United States v. Watters

Summarized by:

  • Court: 9th Circuit Court of Appeals Archives
  • Area(s) of Law: Criminal Procedure
  • Date Filed: 06-05-2013
  • Case #: 11-10362
  • Judge(s)/Court Below: Circuit Judge Wallace for the Court; Circuit Judges Farris and Bybee
  • Full Text Opinion

For the purposes of 18 U.S.C. § 1512(c), which penalizes a person for “corruptly” does not have a “knowingly” mens rea component.
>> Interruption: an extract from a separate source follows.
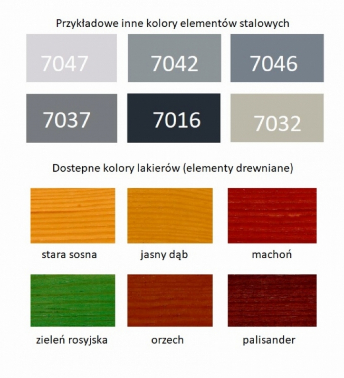 | Wykończenie elementów stalowych | podkład cynkowy,malowanie proszkowe |
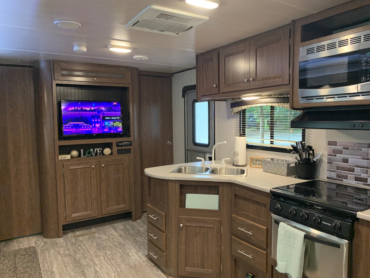 Насладитесь спокойной ночью вдали от занятой жизни на нашей ферме. В нашем 34-футовом автодоме есть 1 спальня с двуспальной кроватью размера Queen size, ванная комната, полностью оборудованная кухня, гостиная с диваном и футоном, который складывается до полноразмерной кровати, стол на 4 места, телевизор и DVD-плеер. С собственной террасой, обращенной на запад к пруду, вы можете наслаждаться прекрасными закатами и звуками наших животных вокруг вас. Обратите внимание, в отпуске нет Wi-Fi или кабельного телевидения. До сих пор у всех был хороший сигнал сотовой связи.

The government indicted Watters on nineteen counts, including transportation of stolen vehicles, on April 19, 2009. Watters, the government alleged, went to New Orleans after Hurricane Katrina to unlawfully take and sell cars left in the city during the storm. In speaking with the FBI, Watters’s cousin described a plan Watters divulged to obtain a forged receipt for some of the vehicles in controversy. Later, at a pretrial hearing, Watters’s attorney attempted to show that Watters purchased some of the vehicles by presenting a copy of a receipt from a New Orleans salvage yard. The government then filed a superseding indictment alleging that Watters had obstructed justice as well as made a false statement, while retaining the original charges. A jury convicted Watters of having obstructed justice and made a false statement, acquitting him the other charges. Although Watters appealed the conviction on many grounds, the Ninth Circuit only considered whether the district court judge properly instructed the jury on the meaning of “corruptly” in 18 U.S.C. § 1512(c). Watters contended that the jury instructions should have explained “corruptly” meant “acting with an evil or wicked purpose.” The district court defined “corruptly” in the jury instructions as acting with “consciousness of wrongdoing.” Watters relied on cases that defined “knowingly corruptly” in 18 U.S.C. § 1512(b). The Ninth Circuit found that the section at issue in this case, section 1512(c), did not have a knowingly component and that the district court, in instructing the jury that “corruptly” meant acting with “consciousness of wrongdoing,” unnecessarily attributed a knowingly component to the term. However, the panel held that this merely imposed a higher burden of proof on the government than was necessary, and that this was not grounds for reversal because Watters would have been convicted if the burden of proof were lower. AFFIRMED.